这个程序的输入是文件名,作用是输入的文件压缩成压缩文件或者是将压缩文件解压。根据输入参数的不同,相应地调到def函数或是inf函数,分别代表压缩和解压。def函数和inf函数的输入输出均是文件指针。

压缩的过程如下:

  1. z_stream保存了当前压缩的上下文状态。压缩的过程首先对z_stream进行初始化,设置压缩等级,其中的几个函数等。
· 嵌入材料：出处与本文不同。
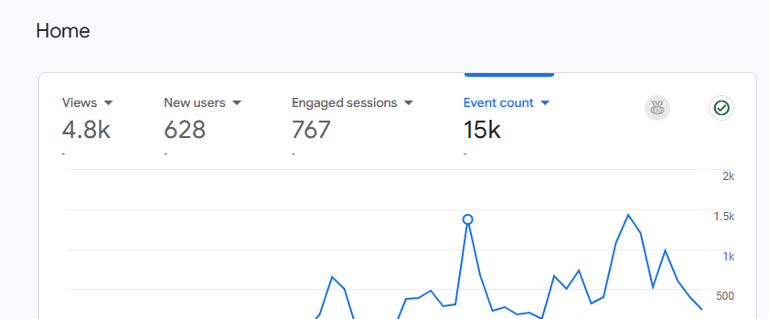 4.8K Views, 628 New Users, 787 Engaged Sessions and 15K Event Count. through Google Analytics.

  2. 用一个大循环从输入文件中最多读出CHUNK字节的数据到in这个buffer中。

  3. 判断文件是否已经到最后了,以判断是否需要进行flush操作。

  4. 设置z_stream的next_in为in这个buffer,设置z_stream的avail_in为从文件读到in中的字节数。

  5. 然后设置z_stream的avail_out为CHUNK,next_out为out这个buffer。

  6. 然后对z_stream调用deflate,如果已经到了文件的结尾,需要告诉deflate函数。

  7. 计算出本次deflate操作产出的数据量,have = CHUNK - strm.avail_out;

  8. 将本次操作产出的压缩数据写到压缩文件中。

  9. 内部这个while循环有些不好理解:

    1. deflate这个函数完成后会更新z_stream中的avail_out, next_out。我们要保证next_out有空间给我们来输出,也就是avail_out不为0。如果输出空间不够了,deflate会停止压缩。
    2. Z_NO_FLUSH这个标志使deflate可能不会完全将输入一一对应地压缩出来,deflate中会有一些残留的输入还没有输出。这样做是为了提高压缩率。
    3. 由于2中的特征,一次deflate可能不能将输入next_in压缩完,因为输出buffer满了。这种情况下我们要判断输出buffer是否已经满了,即avail_out为0。如果是的话,就要重复循环中的过程,确保输入被压缩完。
  10. 如果到了文件的结尾,对deflate的调用有Z_FINISH这个标志,使deflate将数据完全压缩后输出到文件。

解压过程和压缩过程区别在于deflate被换成了inflate,过程和压缩过程完全一样。